**DESCRIPTION OF THE TASK**
Images are to be left out; everything else in the listing should be repeated exactly.

**SUPPLIED MATERIAL**
====================
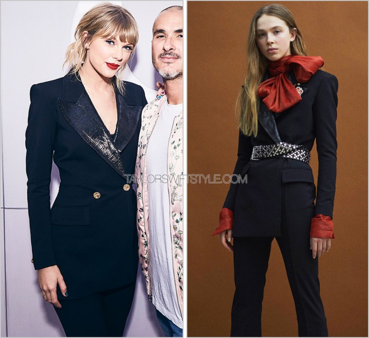 Taylor continues her blazer trend with yet another black tailored piece that has a little bit something extra going for it.
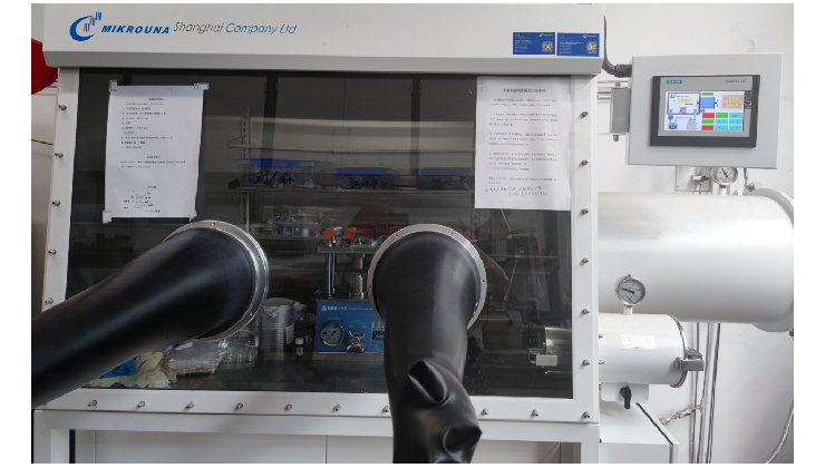 手套箱内的惰性气体经循环风机和净化器密闭循环,不断地除水除氧。除水除氧材料可以自动控制再生,再生过程由程序控制。手套箱内的气氛置换通过自动控制的清洗阀门完成。手套箱内压力通过PLC自动控制,工作压力+/-10mbar内可以自由设定,超出+/-12mbar系统自动保护。真空泵在系统需要时自动开启。
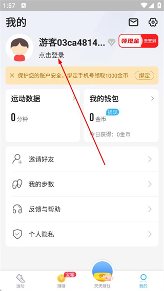 1、在運(yùn)動APP首頁,點(diǎn)擊底部我的,進(jìn)入個人頁面。
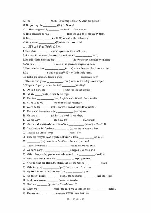 (1)不規(guī)則變化的形容詞和副詞如下: →better→best →wors →worst (許多)many/much→more→most (幾乎沒有)little→less→least (遠(yuǎn)的)far→farther→farthest (老的,舊的)old (2)三種句型 ① 原級句型: as+形容詞/副詞+as,表示“和…一樣”;否定句式:not as/so +形容詞/副詞+as,表示“和…不一樣”。 eg. I think Kate does just as well as Ann. If you like the chicken, you may have as much as you can. I don't like the film. It's not so interesting as that one. ② 比較級句型: a. 主語+謂語+比較級+than+其它,表示“較…一些”。
====================
**REPLY**
 Taylor continues her blazer trend with yet another black tailored piece that has a little bit something extra going for it.
 手套箱内的惰性气体经循环风机和净化器密闭循环,不断地除水除氧。除水除氧材料可以自动控制再生,再生过程由程序控制。手套箱内的气氛置换通过自动控制的清洗阀门完成。手套箱内压力通过PLC自动控制,工作压力+/-10mbar内可以自由设定,超出+/-12mbar系统自动保护。真空泵在系统需要时自动开启。
 1、在運(yùn)動APP首頁,點(diǎn)擊底部我的,進(jìn)入個人頁面。
 (1)不規(guī)則變化的形容詞和副詞如下: →better→best →wors →worst (許多)many/much→more→most (幾乎沒有)little→less→least (遠(yuǎn)的)far→farther→farthest (老的,舊的)old (2)三種句型 ① 原級句型: as+形容詞/副詞+as,表示“和…一樣”;否定句式:not as/so +形容詞/副詞+as,表示“和…不一樣”。 eg. I think Kate does just as well as Ann. If you like the chicken, you may have as much as you can. I don't like the film. It's not so interesting as that one. ② 比較級句型: a. 主語+謂語+比較級+than+其它,表示“較…一些”。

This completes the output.